## Exercise description
Please copy all of the data that follows exactly, leaving any pictures out.

## Available data
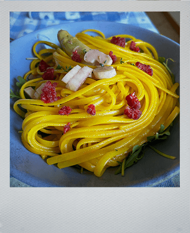 Quando la pasta è cotta e bella gialla, e l’acqua che avete aggiunto si sarà assorbita la pasta è pronta!
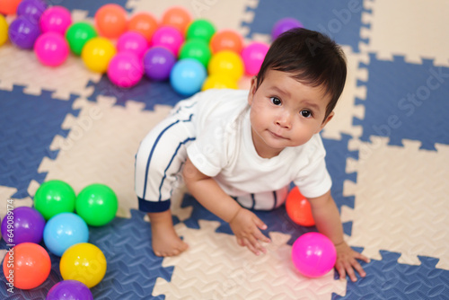 © geargodz, Obraz premium infant baby playing colorful balls in playpen
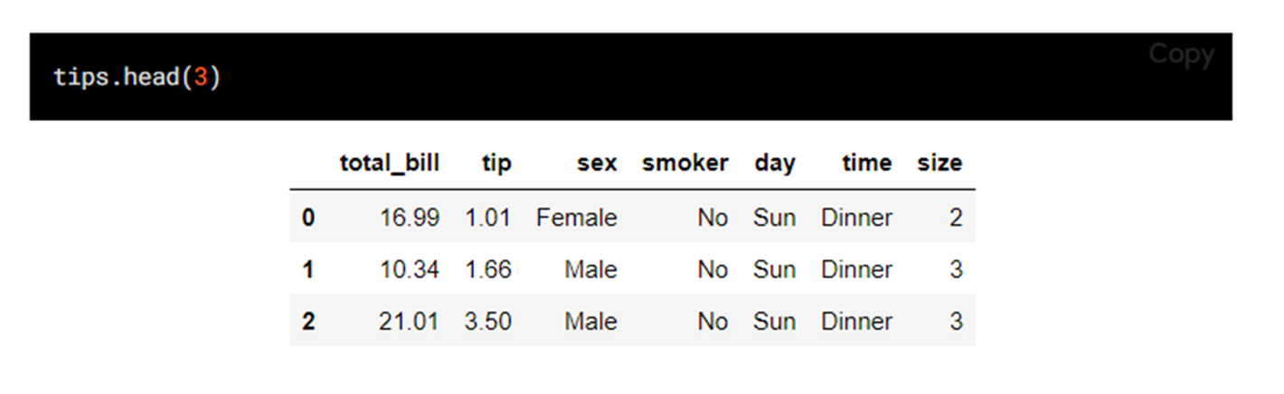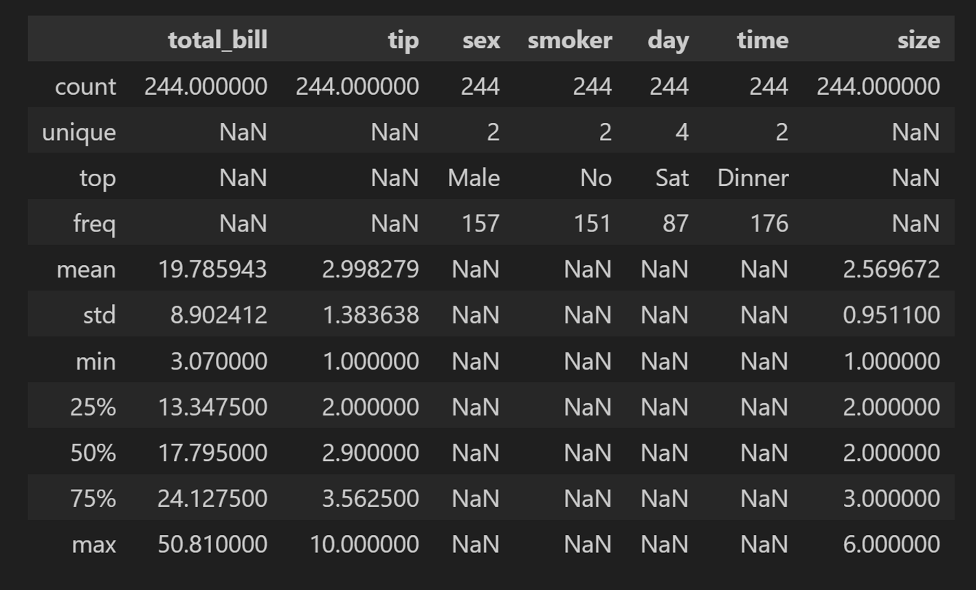 tips.describe()include='all' 옵션을 통해 범주형 데이터도 확인 가능
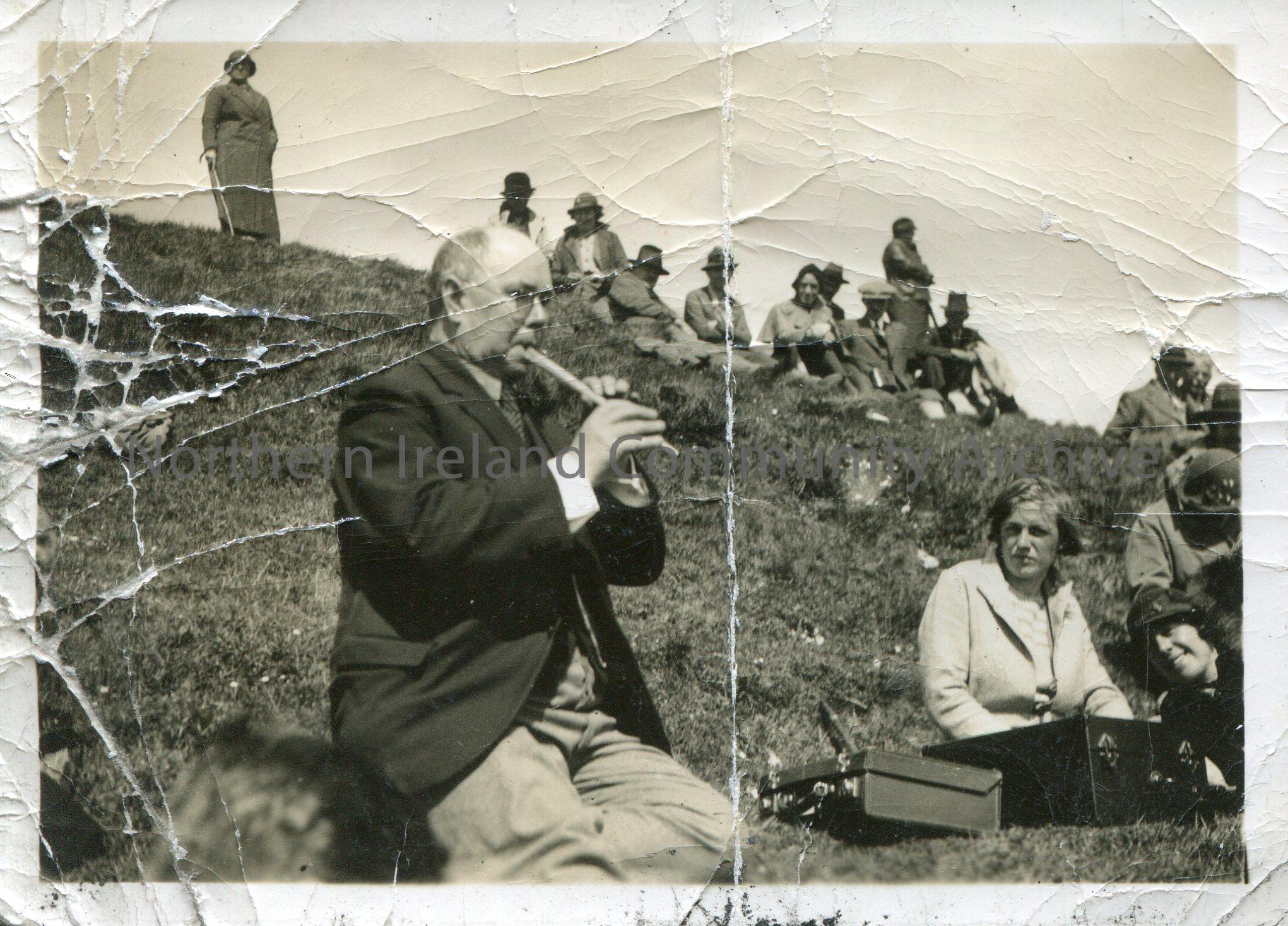 Sam Henry playing the tin whistle on a grassy hill surrounded by other adults.

## Your solution
 Quando la pasta è cotta e bella gialla, e l’acqua che avete aggiunto si sarà assorbita la pasta è pronta!
 © geargodz, Obraz premium infant baby playing colorful balls in playpen
 tips.describe()include='all' 옵션을 통해 범주형 데이터도 확인 가능
 Sam Henry playing the tin whistle on a grassy hill surrounded by other adults.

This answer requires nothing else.